Start of Dataset entries

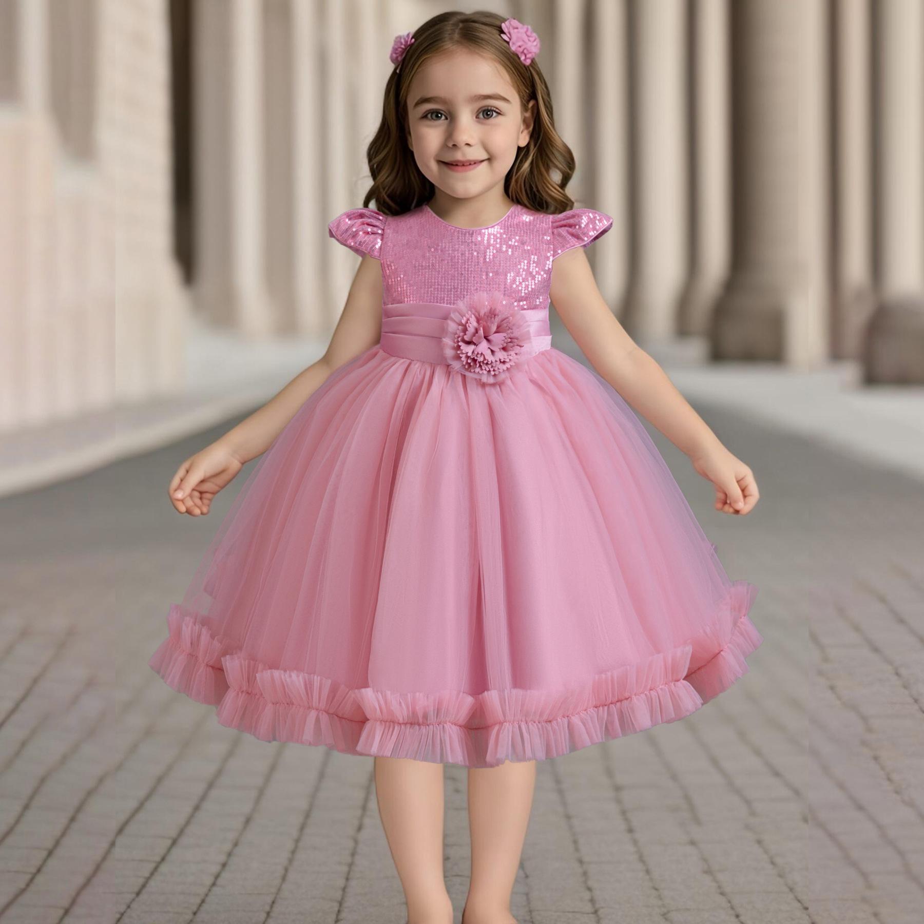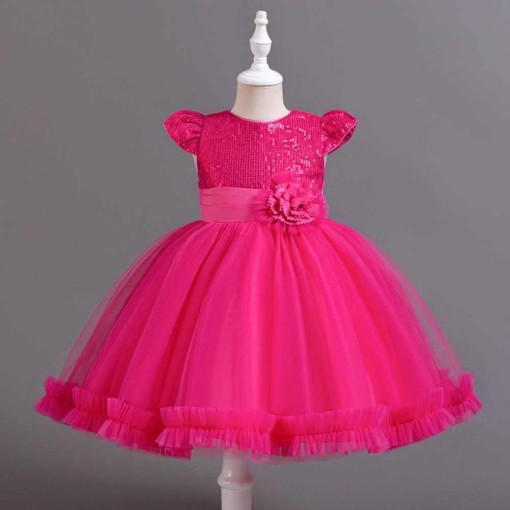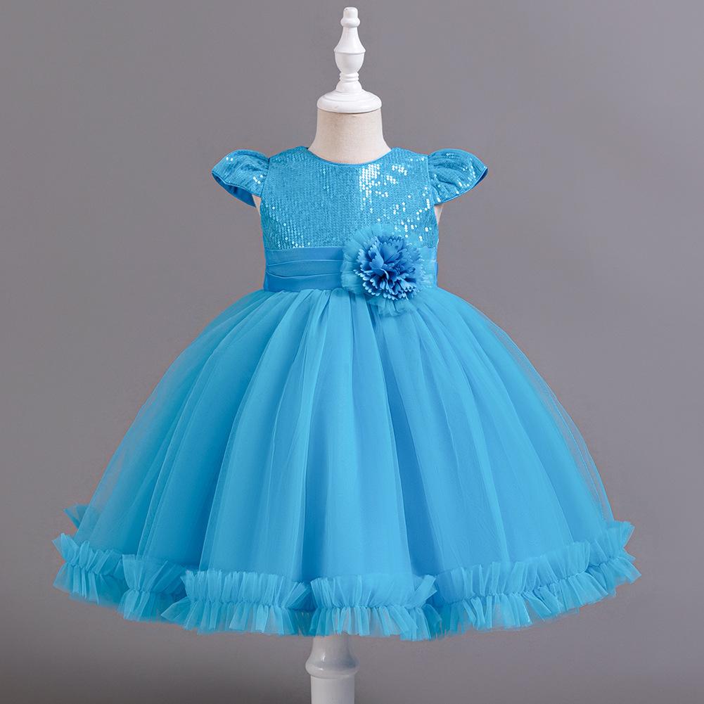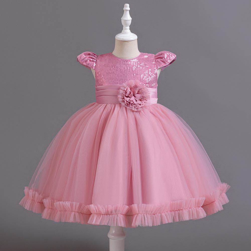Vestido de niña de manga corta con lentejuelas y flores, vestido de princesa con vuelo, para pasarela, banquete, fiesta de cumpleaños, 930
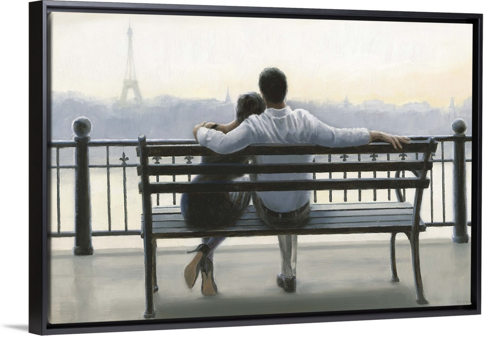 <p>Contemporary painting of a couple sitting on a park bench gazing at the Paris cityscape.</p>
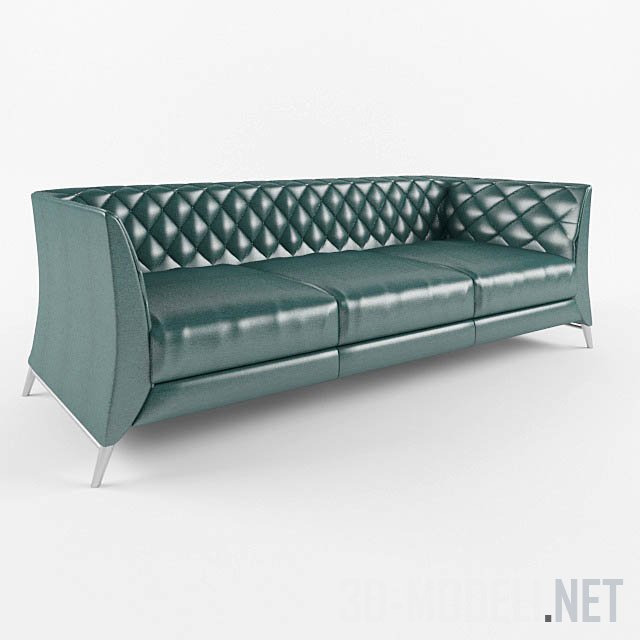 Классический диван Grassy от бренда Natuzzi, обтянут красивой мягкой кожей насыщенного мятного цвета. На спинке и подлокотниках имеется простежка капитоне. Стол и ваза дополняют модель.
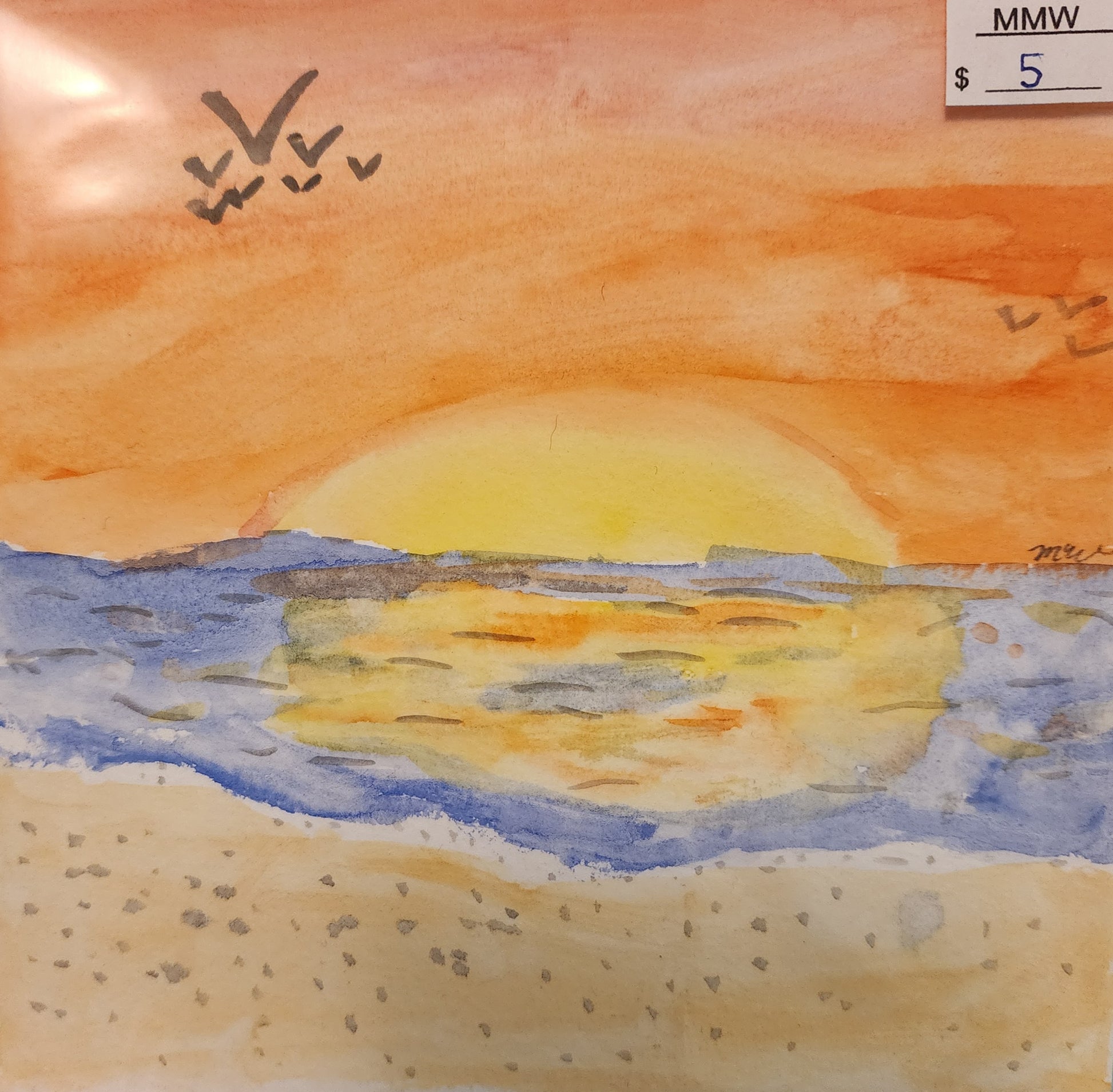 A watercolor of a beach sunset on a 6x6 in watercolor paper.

End of Dataset entries
Start of Dataset entries

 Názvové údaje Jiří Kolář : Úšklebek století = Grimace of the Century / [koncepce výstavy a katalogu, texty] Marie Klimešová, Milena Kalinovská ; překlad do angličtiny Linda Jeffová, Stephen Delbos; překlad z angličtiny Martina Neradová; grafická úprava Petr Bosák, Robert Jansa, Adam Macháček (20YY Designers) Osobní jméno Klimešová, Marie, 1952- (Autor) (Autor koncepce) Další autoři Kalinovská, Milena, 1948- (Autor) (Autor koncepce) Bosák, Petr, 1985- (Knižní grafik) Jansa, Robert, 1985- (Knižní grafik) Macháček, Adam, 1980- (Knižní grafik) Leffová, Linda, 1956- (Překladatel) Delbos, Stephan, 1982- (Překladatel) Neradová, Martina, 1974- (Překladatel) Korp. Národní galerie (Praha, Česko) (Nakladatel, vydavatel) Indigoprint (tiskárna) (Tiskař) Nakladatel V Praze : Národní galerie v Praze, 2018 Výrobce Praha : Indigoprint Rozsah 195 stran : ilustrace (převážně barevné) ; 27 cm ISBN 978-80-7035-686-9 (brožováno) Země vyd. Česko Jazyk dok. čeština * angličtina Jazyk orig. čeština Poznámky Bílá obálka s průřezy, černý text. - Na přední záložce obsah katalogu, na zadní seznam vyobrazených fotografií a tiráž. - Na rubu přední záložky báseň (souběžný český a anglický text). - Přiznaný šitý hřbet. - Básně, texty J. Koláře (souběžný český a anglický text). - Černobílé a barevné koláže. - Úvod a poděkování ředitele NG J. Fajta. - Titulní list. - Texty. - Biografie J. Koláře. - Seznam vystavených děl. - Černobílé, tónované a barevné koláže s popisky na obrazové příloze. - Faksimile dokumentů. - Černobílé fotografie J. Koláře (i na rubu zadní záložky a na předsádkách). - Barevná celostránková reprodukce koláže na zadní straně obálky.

End of Dataset entries

> Instructions to follow:
Write out word for word the lines above that run from the one with "<p>Contemporary painting of" to the one with "A watercolor of". Include both end lines; exclude the images.

> Exercise solution:
 <p>Contemporary painting of a couple sitting on a park bench gazing at the Paris cityscape.</p>
 Классический диван Grassy от бренда Natuzzi, обтянут красивой мягкой кожей насыщенного мятного цвета. На спинке и подлокотниках имеется простежка капитоне. Стол и ваза дополняют модель.
 A watercolor of a beach sunset on a 6x6 in watercolor paper.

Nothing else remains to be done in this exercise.